[GIVEN DATA]:
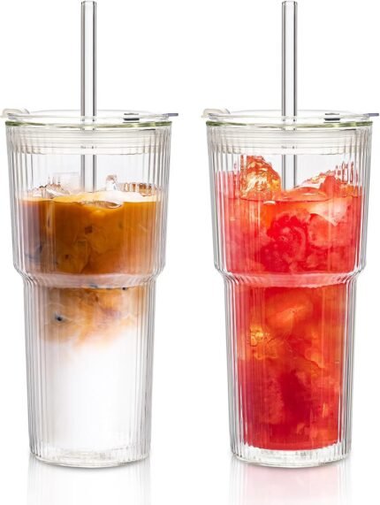 KEMORELA 2-Pack 20 oz Ribbed Glass Tumblers with Lids and Glass Straws – Vintage Iced Coffee Cups, Reusable Smoothie & Cocktail Drinking Glasses, Clear Glassware for Home or Cafe
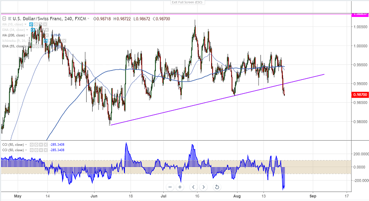 After a long consolidation the pair declined well below 0.9900 level. The pair had hits low of 0.98947 on Aug 9th 2018 and showed a minor recovery till 0.99825. The broad selling in US dollar after Trump’s comment on US fed was the main reason for good dip in this pair. The pair hits low of 0.98686 at the time of writing and is currently trading around 0.98721.
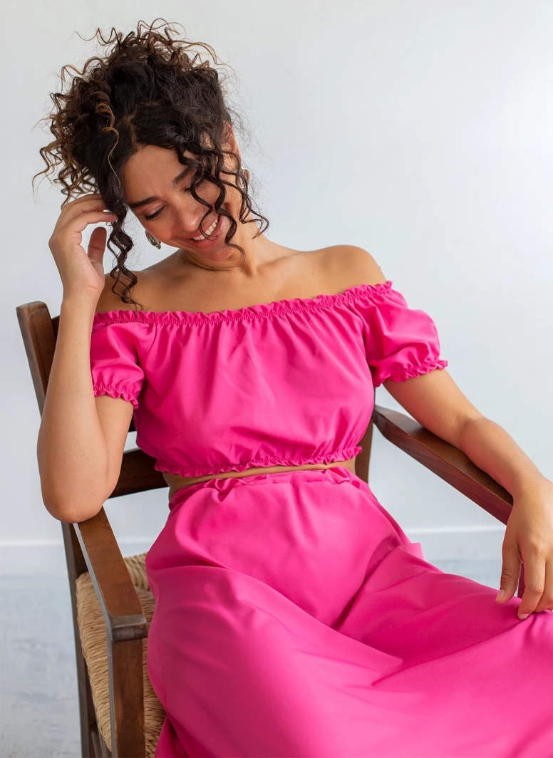 Ολοκαίνουργιο 🤩 The Fashion Project Σετ φούστα με Cropped τοπάκι – Φούξια 🎉
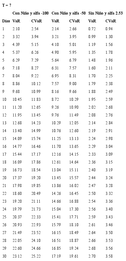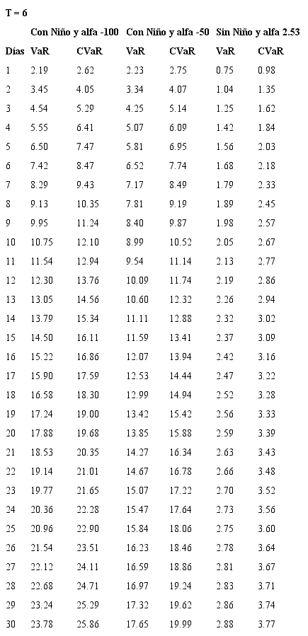 En la tabla 6, se presenta una propuesta de los niveles de garantías a exigir en el mercado colombiano de futuros sobre energía eléctrica, logrando una cobertura de 5 o más días en eventos extremos de Fenómeno del Niño.

[EXERCISE REQUIREMENTS]:
I'd like the material repeated word for word, without the pictures it holds.

[COMPLETED EXERCISE]:
 KEMORELA 2-Pack 20 oz Ribbed Glass Tumblers with Lids and Glass Straws – Vintage Iced Coffee Cups, Reusable Smoothie & Cocktail Drinking Glasses, Clear Glassware for Home or Cafe
 After a long consolidation the pair declined well below 0.9900 level. The pair had hits low of 0.98947 on Aug 9th 2018 and showed a minor recovery till 0.99825. The broad selling in US dollar after Trump’s comment on US fed was the main reason for good dip in this pair. The pair hits low of 0.98686 at the time of writing and is currently trading around 0.98721.
 Ολοκαίνουργιο 🤩 The Fashion Project Σετ φούστα με Cropped τοπάκι – Φούξια 🎉
 En la tabla 6, se presenta una propuesta de los niveles de garantías a exigir en el mercado colombiano de futuros sobre energía eléctrica, logrando una cobertura de 5 o más días en eventos extremos de Fenómeno del Niño.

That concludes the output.